Providing Outreach and Enrollment Assistance: Lessons Learned from Community Health Centers in Massachusetts


In 2006, major health care reform legislation was enacted in Massachusetts. In many ways a prototype for the Affordable Care Act (ACA), the Massachusetts law required nearly all state residents to obtain health insurance, and made insurance accessible and affordable by reforming the health insurance market and providing subsidies for coverage through expansions of Medicaid and CHIP and a new program for low-income adults who are not eligible for Medicaid, known as Commonwealth Care. The law also created the “Connector,” which, like the ACA’s health insurance Marketplaces, is designed to facilitate and simplify access to insurance for individuals, families, and small businesses. In addition, the law established a Health Safety Net (HSN) Fund that finances health care for residents who remain uninsured permanently or on an intermittent basis.

Understanding that outreach and enrollment assistance would be essential to the health reform law’s success, Massachusetts policymakers launched high-profile public education campaigns, but they also provided for person-to-person, hands-on assistance, especially in low-income communities with large numbers of uninsured residents, many of whom have no previous experience signing up for insurance subsidies or selecting and enrolling in a health plan. Community health centers – a critical source of comprehensive primary health care and many other services for medically underserved populations and communities in Massachusetts – have played a central role in this outreach and enrollment effort.

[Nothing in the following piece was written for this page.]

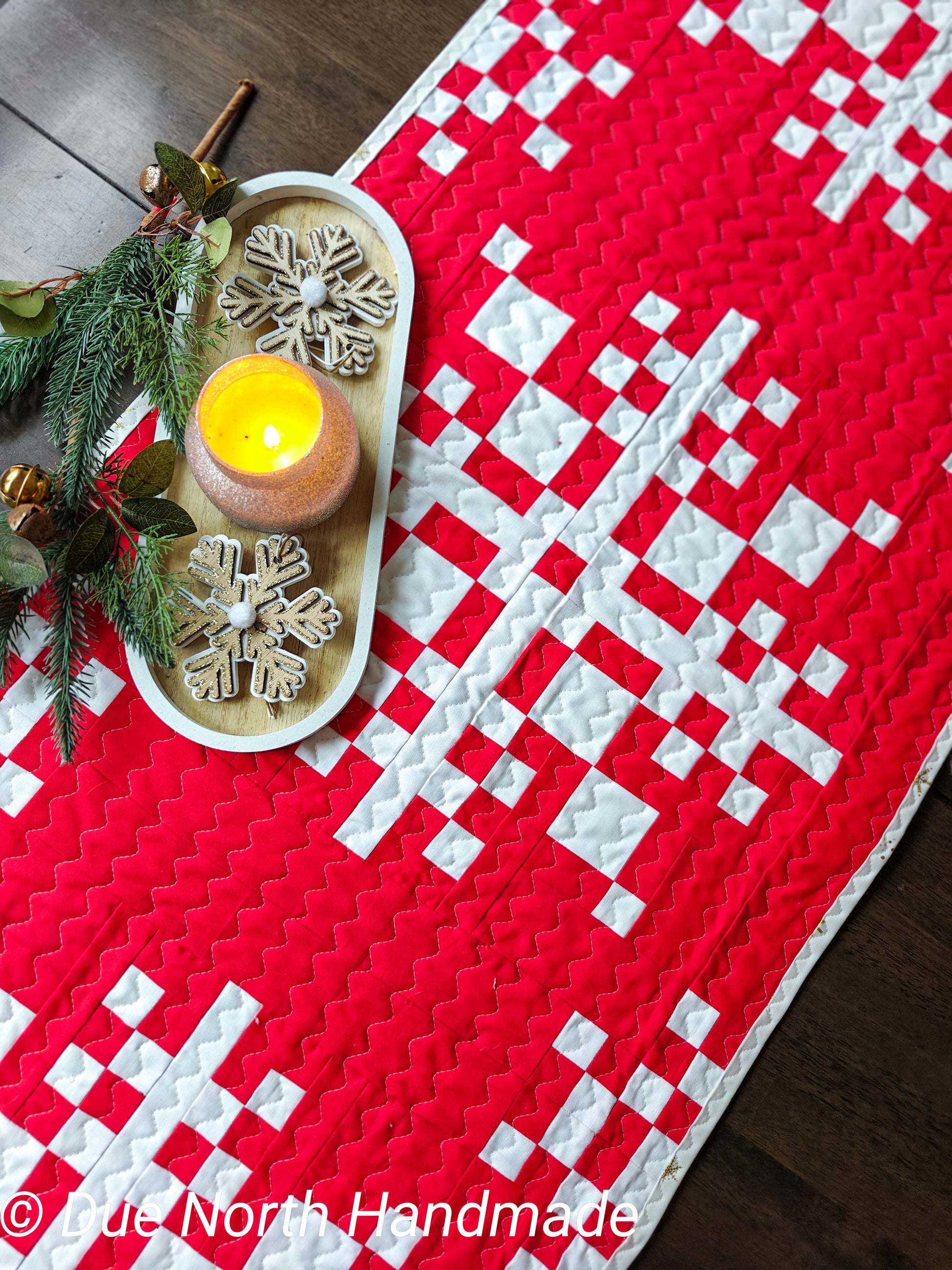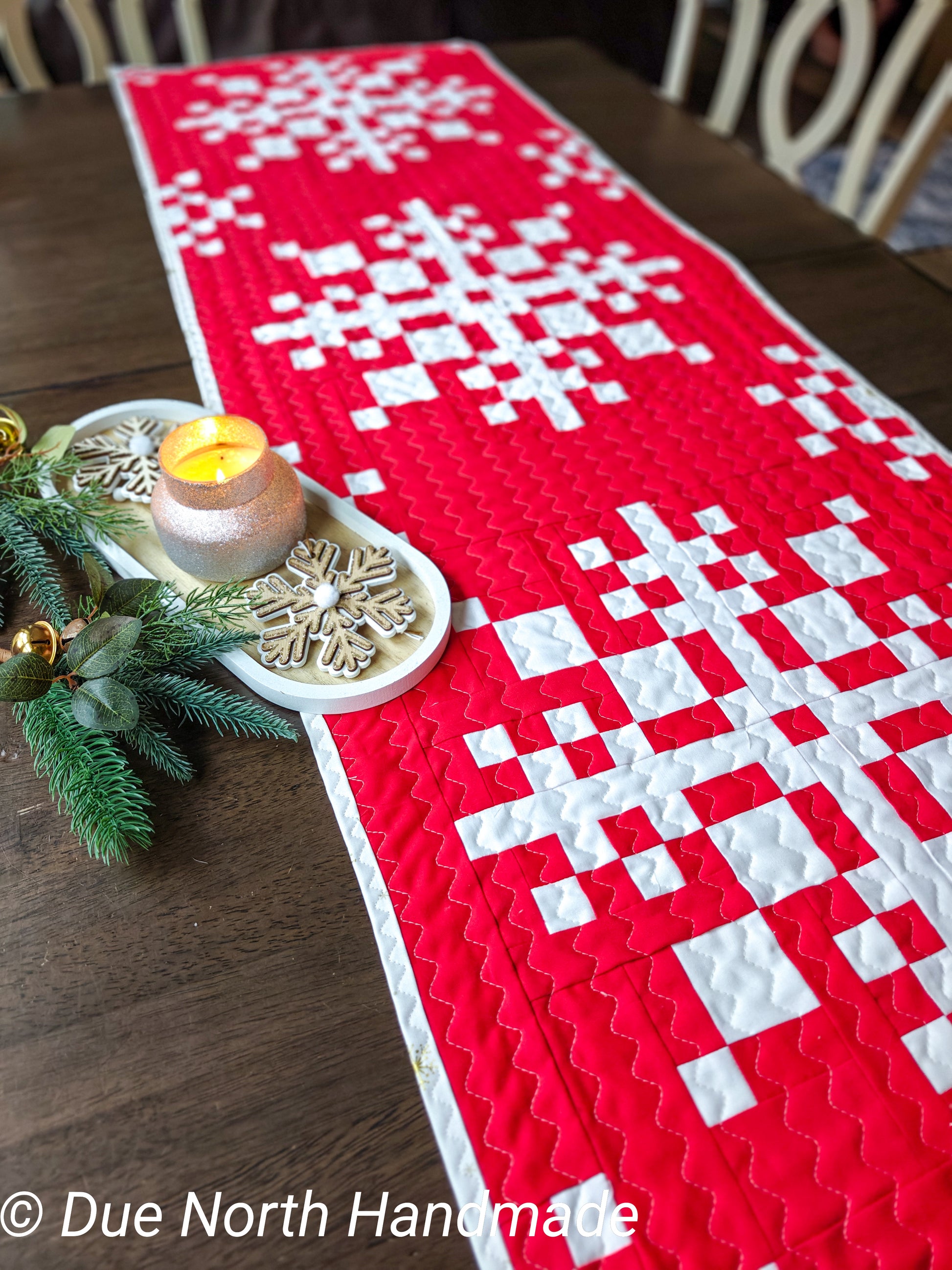 "Add a touch of holiday charm to your dining table with our Snowglow table runner. This quilted runner, featuring a traditional red and white snowflake design, brings a modern feel to your home. Elevate your holiday gatherings with this festive and stylish addition!"

To help inform current outreach and enrollment efforts associated with the ACA’s coverage expansion, the Kaiser Commission on Medicaid and the Uninsured asked researchers at The George Washington University to examine the enrollment assistance experience of Massachusetts health centers six years into that state’s health reform program.1 Because of their safety-net role, health centers are uniquely aware of and knowledgeable about the challenges and requirements of assisting uninsured individuals and communities disadvantaged by poverty, minority race/ethnicity, poor health status, language barriers, homelessness, and other factors. As states and communities nationwide gear up to provide outreach and enrollment assistance for the first time under the ACA, the experience of Massachusetts health centers offers valuable lessons to health centers nationally, and to other community-based efforts to reach and enroll millions of low-income uninsured Americans in health coverage.